Добираюсь, наконец, до дома 32, дробь 34. Массивный домина, четыре этажа, окна большие, высокие. За широкой аркой – внутренний квадратный двор. Вижу там дворника с метлой. Объясняет он, где квартира Грузенберга. Подымаюсь по лестнице, звоню в дверь. Немного нервничаю. Дома ли? Согласится ли прошение написать – денег-то у меня кот наплакал? Открывает сам Грузенберг. Я его сразу узнал, вспомнил фотографии в газетах, когда дело Бейлиса шумело. Лицо крупное, густые волосы назад зачесаны, длинный прямой нос в широкие усы упирается, по бокам рта усы сливаются с бородой и бакенбардами. На цепочке болтается пенсне – наверное, читал что-то.

Стоя возле порога, начинаю свой рассказ. А Грузенберг вроде и не слушает, сторонится от двери, показывает, чтобы вошел я. Ведет по длинному коридору в кабинет, усаживает в кресло сбоку от стола. Стол у него большой, весь бумагами разными завален. Сам не садится, молча меня сверху вниз разглядывает, потом спрашивает, как зовут. «Саша?
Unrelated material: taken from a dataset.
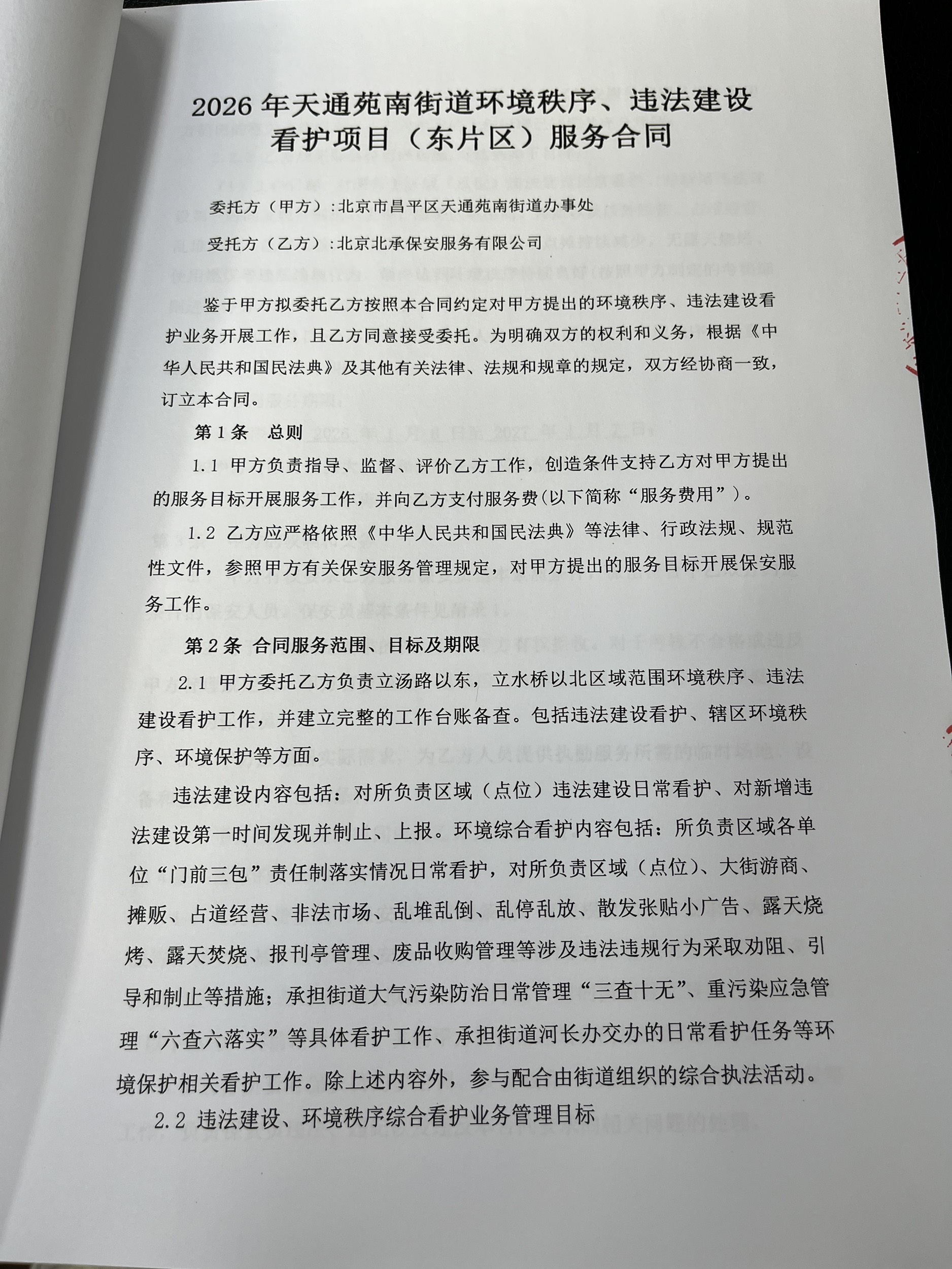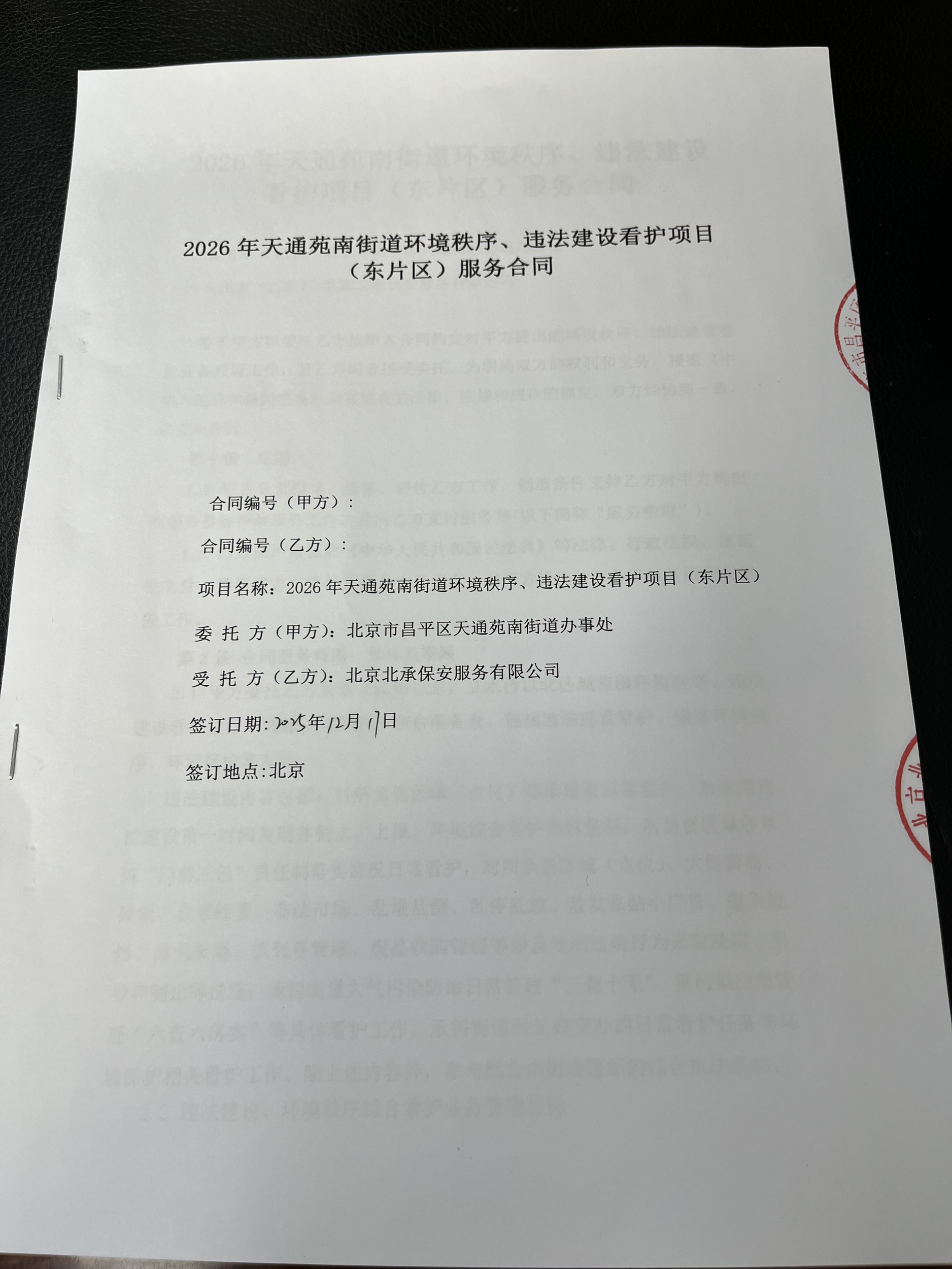 二、合同名称: 2026年天通苑南街道环境秩序、违法建设看护项目(东片区)政府采购合同
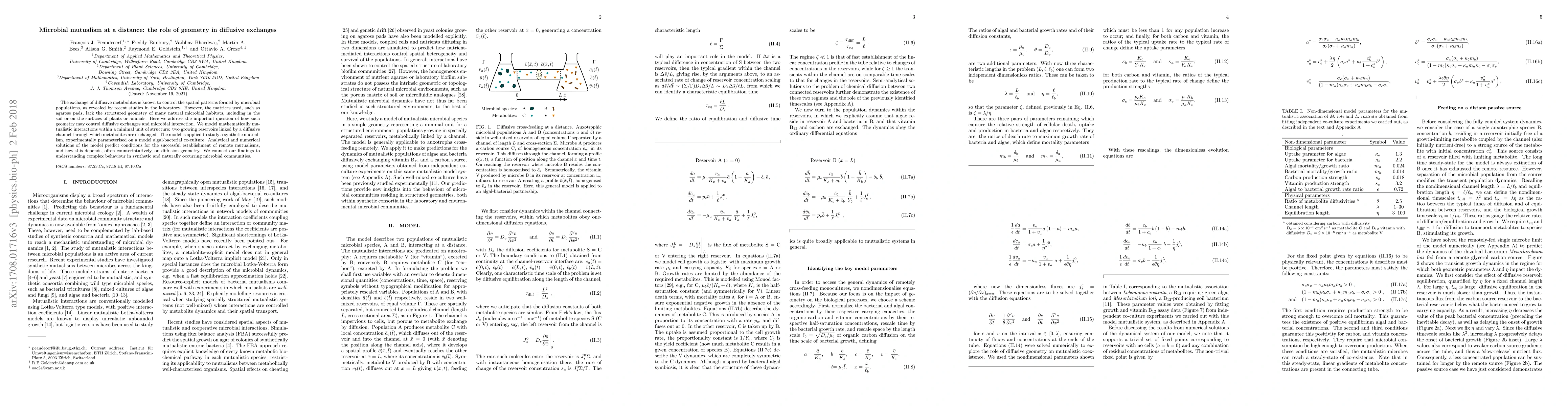 The exchange of diffusive metabolites is known to control the spatial patterns formed by microbial populations, as revealed by recent studies in the laboratory. However, the matrices used, such as agarose pads, lack the structured geometry of many natural microbial habitats, including in the soil or on the surfaces of plants or animals. Here we address the important question of how such geometry may control diffusive exchanges and microbial interaction. We model mathematically mutualistic interactions within a minimal unit of structure: two growing reservoirs linked by a diffusive channel through which metabolites are exchanged. The model is applied to study a synthetic mutualism, experimentally parameterised on a model algal-bacterial co-culture. Analytical and numerical solutions of the model predict conditions for the successful establishment of remote mutualisms, and how this depends, often counterintutively, on diffusion geometry. We connect our findings to understanding complex behaviour in synthetic and naturally occurring microbial communities.

Очень приятно… Так что у вас за дело?». Когда услышал, какая нужда меня из Одессы к нему привела, рассмеялся, руки потер. «Это вы, Саша, правильно сделали, что на огонек заглянули, я такие прошения писать мастак. Сейчас мы сочиним…» Садится за стол. Достав из ящика лист бумаги, изучающе смотрит на него – отбрасывает в сторону. «Нет, для вашего прошения бумага нужна особая, чтобы впечатление производила, я этих чинуш знаю». Достает из другого ящика лист плотной бумаги с какими-то водяными разводами. Высунув по-детски кончик языка, начинает писать – быстро, разборчиво, без помарок. Удовлетворенно перечитывает написанное. «Ну вот, такое прошение хоть куда подавать не стыдно». Показывает, где мне подписаться надо.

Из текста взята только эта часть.